Iwan Morgan

Personal information
- Full name: Iwan Thomas Morgan
- Date of birth: 29 January 2006 (age 20)
- Place of birth: Cardiff, Wales
- Height: 1.81 m (5 ft 11 in)
- Position: Forward

Team information
- Current team: Grimsby Town
- Number: 9

Youth career
- 0000–2020: Cardiff City
- 2020–2023: Swansea City
- 2023–2026: Brentford

Senior career*
- Years: Team / Apps / (Gls)
- 2026: Brentford / 0 / (0)
- 2026: → Shrewsbury Town (loan) / 21 / (3)
- 2026–: Grimsby Town / 7 / (1)

International career
- 2023: Wales U17 / 8 / (10)
- 2023–2024: Wales U19 / 6 / (1)

= Iwan Morgan =

Welsh footballer

Iwan Thomas Morgan (born 29 January 2006) is a Welsh professional footballer who plays as a forward for club Grimsby Town.

Morgan is a product of the Cardiff City and Swansea City academies and began his professional career with Brentford B in 2023. He played his first senior football on loan for Shrewsbury Town and he transferred to Grimsby Town in 2026. Morgan was capped at youth level by Wales.

== Club career ==

=== Early years ===
A forward, Morgan began his youth career with a 9-year spell in the Cardiff City Academy. In August 2020, he transferred to the Swansea City Academy. Morgan signed early scholarship forms with the club in 2021 and began his scholarship in earnest in July 2022. Following a 2022–23 season in which he scored 28 goals in all competitions for the U18 team, Morgan turned down the offer of a professional contract and departed the club on 1 September 2023. The compensation fee received was Swansea City's club record for a player not signed to a professional contract.

=== Brentford ===
On 1 September 2023, Morgan signed a three-year contract with the B team at Premier League club Brentford, for a compensation fee. By early February 2024, Morgan's B and U18 performances were such that he was rewarded with a new 3 1/2-year contract. He tied with Ashley Hay as top scorer for the B team during the 2023–24 season, with 9 goals.

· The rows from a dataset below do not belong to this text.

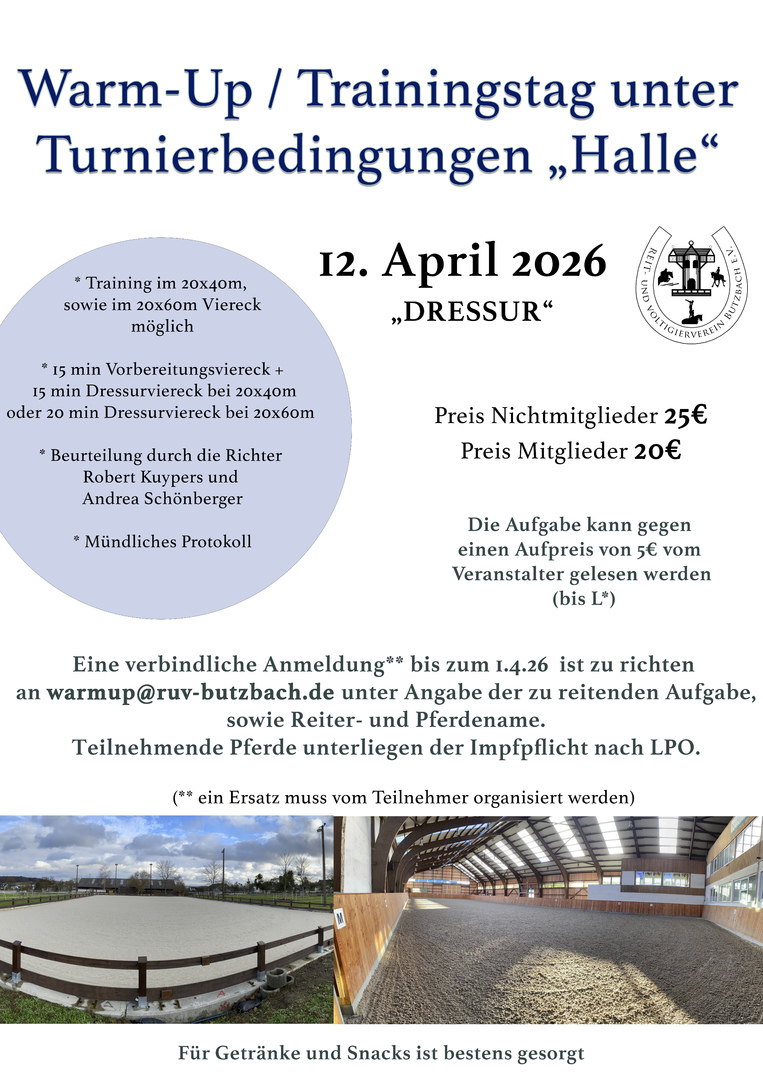 In diesem Jahr findet unser 59. Hallenrreitturnier auf unserer Anlage statt. Drei Tage spannender Dressursport vom 24.-26. April. Von Jungepferdeprüfung über
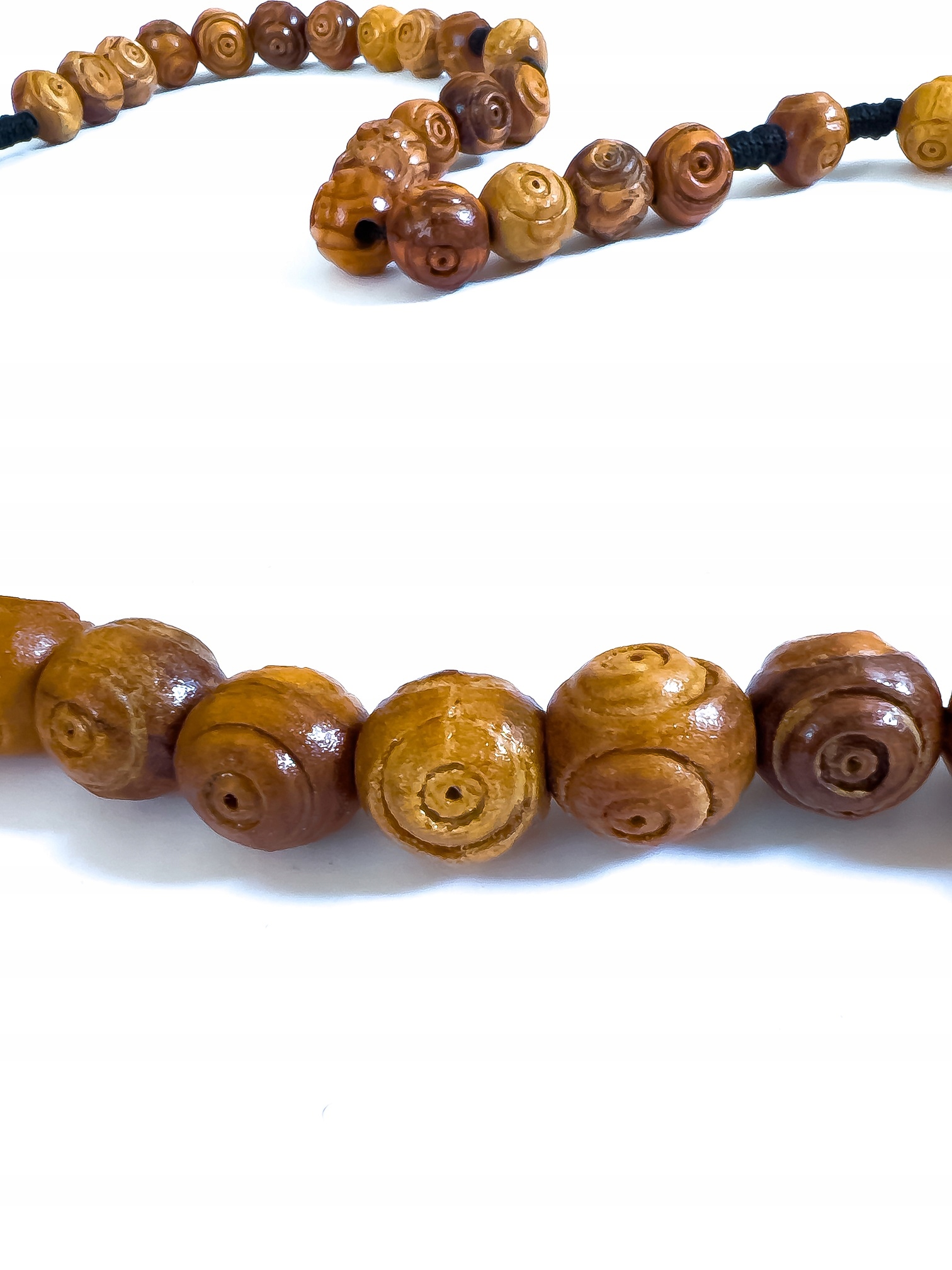 Каждая бусина вырезана вручную, что делает каждую четку уникальной: не существует двух одинаковых частей, поскольку они сделаны вручную. Бусины наплетены на прочную толстую нить.
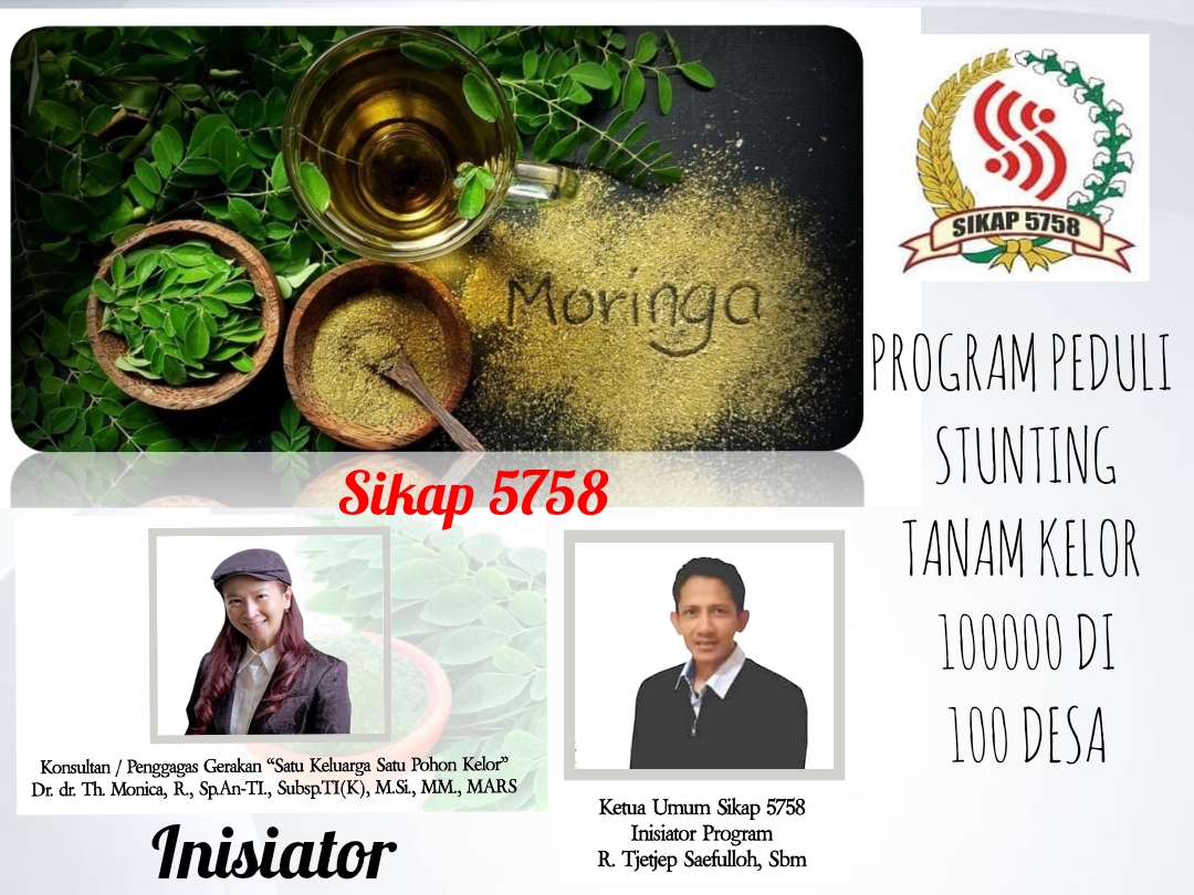 Program ini berawal dari Gagasan Dr. dr. Monica yang akhirnya oleh Sekertaris Jendral SIKAP 5758, Mohammad Agam Hafidiyanto,SH mencetuskan konsep Program 100.000 Tanam Pohon Kelor “Anti Stunting of Moringa Leaves For Indonesian Children in The Future, bersama Ketua Umum Sikap 5758, R. Tjetjep yang memiliki misi organisasi yaitu KETAHANAN PANGAN & KESEHATAN BANGSA, program kegiatan ini juga merupakan hasil kolaborasi dengan Praktisi Medis & Penggagas Gerakan “Satu Keluarga Satu Pohon Kelor”, Dr. dr. Th. Monica, R., Sp.An-TI., Subsp.TI(K), M.Si., MM., MARS., yang juga merupakan Inisiator Terapi Plasma Konvalesen saat Pandemi COVID-19. bekerja sama dengan Dr dr. penggagas 1 rumah 1 kelor.

Morgan was included in the first team squad for its 2024–25 pre-season training camp in Portugal and he made five friendly appearances during the pre-season period. He was an unused substitute in six first team matchday squads during the regular season. Following the departure of Ashley Hay and Kyreece Lisbie during the winter transfer window, Morgan moved from the left wing to reassume the role as the B team's centre forward. He scored 25 goals in 42 B team appearances during the 2024–25 season and was a part of the Professional Development League-winning squad.

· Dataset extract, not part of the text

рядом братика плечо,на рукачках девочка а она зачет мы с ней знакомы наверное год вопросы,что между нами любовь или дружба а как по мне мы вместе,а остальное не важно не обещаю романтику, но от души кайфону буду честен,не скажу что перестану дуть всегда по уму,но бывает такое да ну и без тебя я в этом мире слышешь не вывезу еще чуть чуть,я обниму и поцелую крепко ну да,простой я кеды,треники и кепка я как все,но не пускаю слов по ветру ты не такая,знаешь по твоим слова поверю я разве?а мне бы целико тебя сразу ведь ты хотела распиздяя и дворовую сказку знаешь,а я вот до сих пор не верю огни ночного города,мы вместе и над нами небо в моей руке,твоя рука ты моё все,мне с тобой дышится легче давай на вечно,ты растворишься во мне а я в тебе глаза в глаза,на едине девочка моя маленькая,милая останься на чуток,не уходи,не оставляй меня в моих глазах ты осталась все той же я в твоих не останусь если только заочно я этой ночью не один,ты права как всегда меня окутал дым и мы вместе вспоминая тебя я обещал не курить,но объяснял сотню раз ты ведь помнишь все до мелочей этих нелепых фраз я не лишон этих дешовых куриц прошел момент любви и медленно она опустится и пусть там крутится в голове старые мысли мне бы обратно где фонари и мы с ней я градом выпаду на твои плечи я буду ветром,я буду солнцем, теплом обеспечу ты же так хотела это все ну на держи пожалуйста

Morgan made one first team friendly appearance during the 2025–26 pre-season and played for the B team during the first half of the regular season, scoring seven goals. On 1 January 2026, Morgan joined League Two club Shrewsbury Town on loan until the end of the 2025–26 season. He was deployed in a variety of attacking roles and made 22 appearances during his spell, scoring three goals.

Morgan was involved in the Brentford first team squad during the 2026–27 pre-season, scoring in a friendly and being included in the party for a training camp in Portugal. He transferred out of the club in August 2026.

=== Grimsby Town ===
On 7 August 2026, Morgan transferred to League Two club Grimsby Town and signed a three-year contract for an undisclosed fee. Early in his spell, he credited the club with lowering his weight and improving his fitness.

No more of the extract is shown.